▸ **PROVIDED ENTRIES**:
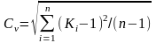Коэффициент вариации CV характеризует колебания годовых значений стока относительно их средней величины. Он является безразмерной характеристикой изменчивости годового стока, удобной для сравнения нескольких рядов наблюдений, различающихся своими средними значениями. При выражении отдельных членов ряда в безразмерных модульных коэффициентах Ki коэффициент вариации определяется по формуле
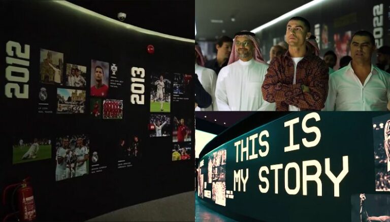 En cuanto al museo de Ronaldo, a su entrada se expone una estatua del jugador de Al-Nassr. A medida se avanza, se pueden disfrutar videos durante sus etapas con diferentes clubes, como su debut en laa filas del Sporting de Lisboa, ascenso a la fama con el Manchester United y consagración vistiendo la camiseta del Real Madrid. Además, cuenta con diversas copias de sus principales trofeos ganados.
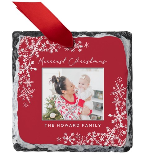 This elegant, personalized slate ornament will be a one-of-a-kind addition to any tree. Made of natural stone, no two ornaments will be exactly alike. Available in round or square, the ornaments are personalized on one side and come with a red ribbon. Customize with a photo, monogram and more for the perfect gift for family, friends, teachers and colleagues.
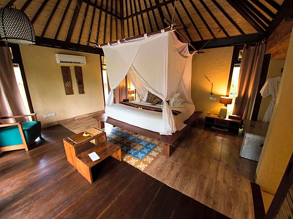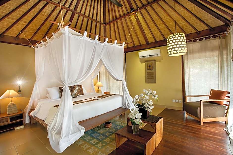 Featuring a private balcony overlooking the ocean, this spacious villa is fitted with air conditioning and a separate living area. It also comes with an outdoor traditional pavilion with direct access to the beach. The semi open bathroom is private, providing bath and shower facilities.
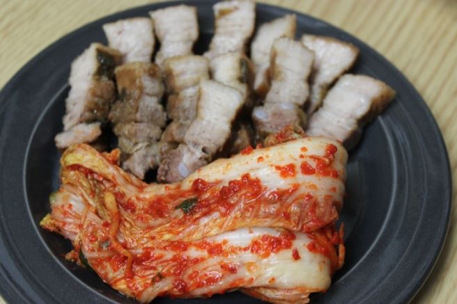 두께는 취향에 따라 다르지만, 일반적으로 0.3~0.5cm 정도가 김치와 싸 먹기에 가장 적당합니다. 너무 두꺼우면 턱이 아프고 금방 배가 부르며, 너무 얇으면 씹는 맛이 부족합니다. 삼겹살은 오돌뼈가 있는 부위는 칼 뒤쪽으로 힘을 주어 조심스럽게 썰거나 제거해 주는 센스가 필요합니다.
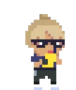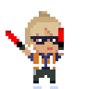 Mrp, a pixel art character, energetically wields two glowing red sabers, ready for action.
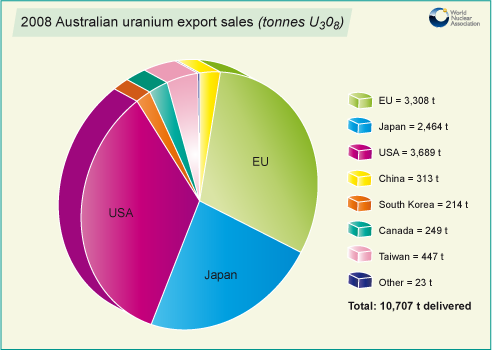 ويصل الإنتاج الأسترالي من اليورانيوم إلى الاتحاد الأوروبي واليابان والولايات المتحدة الأمريكية بكميات كبيرة، كما يتضح من الشكل السابق؛ فإلى أي مدى يمكننا اعتبار إنتاج الطاقة من المفاعلات النووية طاقة نظيفة طالما أن نوعية الخامات في أستراليا رديئة في مجملها؟

▸ **WHAT TO WORK ON**: Taking the entries above, extract every line from the one bearing "Featuring a private" through the one bearing "Mrp, a pixel", exactly, with no pictures.

▸ **PROBLEM SOLUTION**:
 Featuring a private balcony overlooking the ocean, this spacious villa is fitted with air conditioning and a separate living area. It also comes with an outdoor traditional pavilion with direct access to the beach. The semi open bathroom is private, providing bath and shower facilities.
 두께는 취향에 따라 다르지만, 일반적으로 0.3~0.5cm 정도가 김치와 싸 먹기에 가장 적당합니다. 너무 두꺼우면 턱이 아프고 금방 배가 부르며, 너무 얇으면 씹는 맛이 부족합니다. 삼겹살은 오돌뼈가 있는 부위는 칼 뒤쪽으로 힘을 주어 조심스럽게 썰거나 제거해 주는 센스가 필요합니다.
 Mrp, a pixel art character, energetically wields two glowing red sabers, ready for action.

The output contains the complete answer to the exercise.